GIVEN INFORMATION:
......
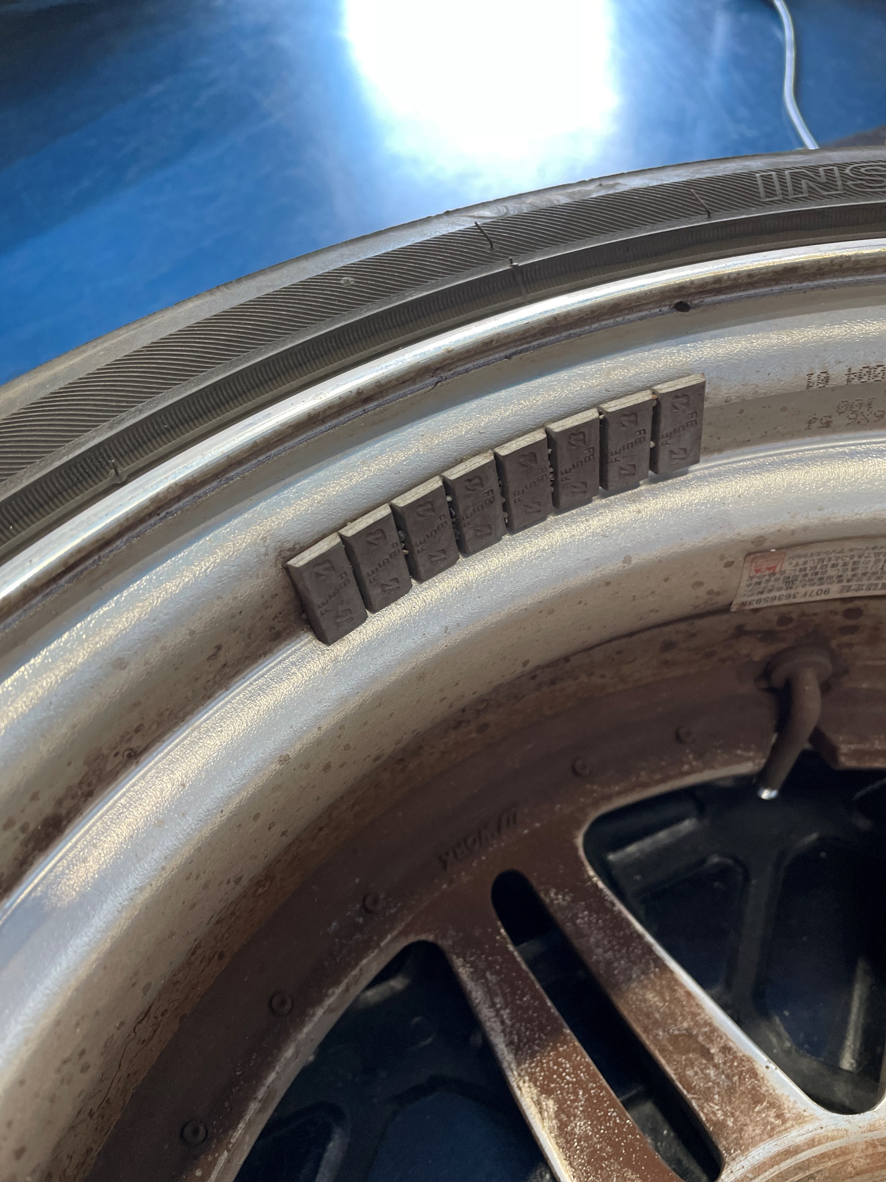 アルミホイールの場合は、この様に貼り付けタイプのバランスウェイトを使用します。
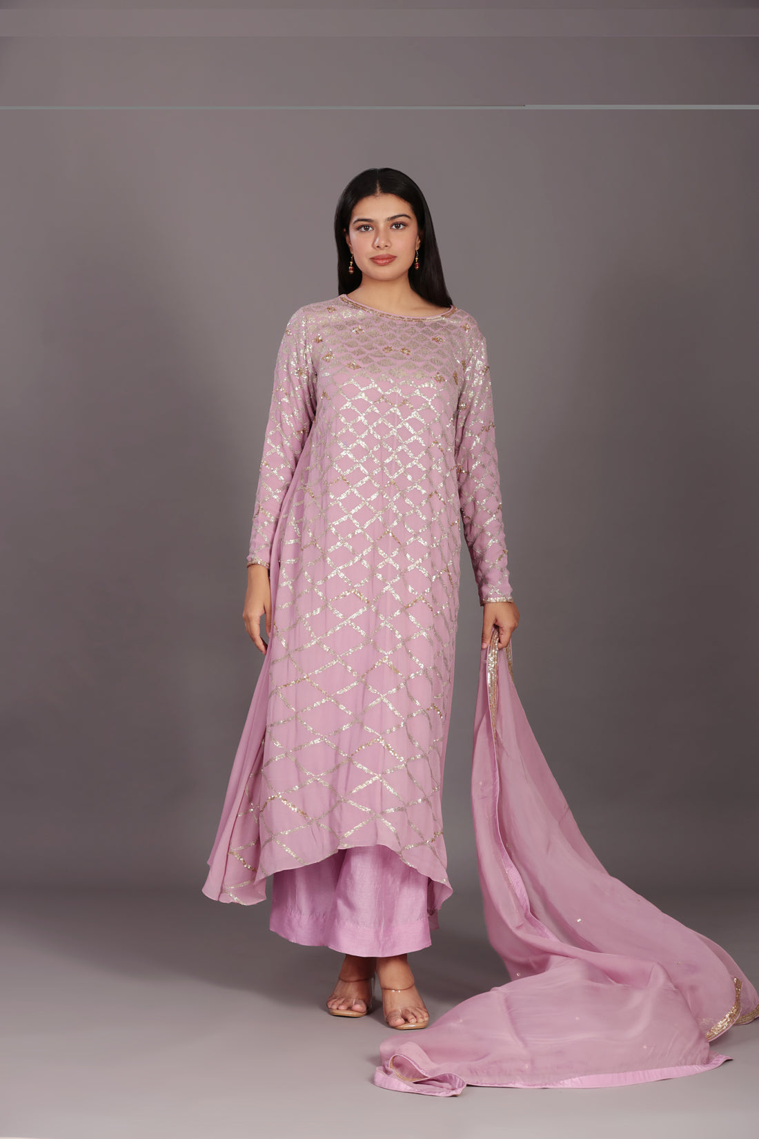 Mauve Orchid Long Kurta Set fabric pure georgette work hand embroidery sequence in whole kurta...
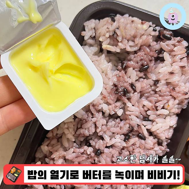 반찬들을 두루 둘러봤으니 이제 본격적으로 먹을 준비를 해보아요! 700W 전자레인지에 2분30초 돌려준 따끈한 밥에 버터를 비벼 주었어요! 밥의 열기에 버터가 녹아 골고루 비비기 편해진답니다.
......
WORK REQUEST: The listing above must be repeated exactly. Its pictures are not part of the copy.

WRITTEN SOLUTION:
 アルミホイールの場合は、この様に貼り付けタイプのバランスウェイトを使用します。
 Mauve Orchid Long Kurta Set fabric pure georgette work hand embroidery sequence in whole kurta...
 반찬들을 두루 둘러봤으니 이제 본격적으로 먹을 준비를 해보아요! 700W 전자레인지에 2분30초 돌려준 따끈한 밥에 버터를 비벼 주었어요! 밥의 열기에 버터가 녹아 골고루 비비기 편해진답니다.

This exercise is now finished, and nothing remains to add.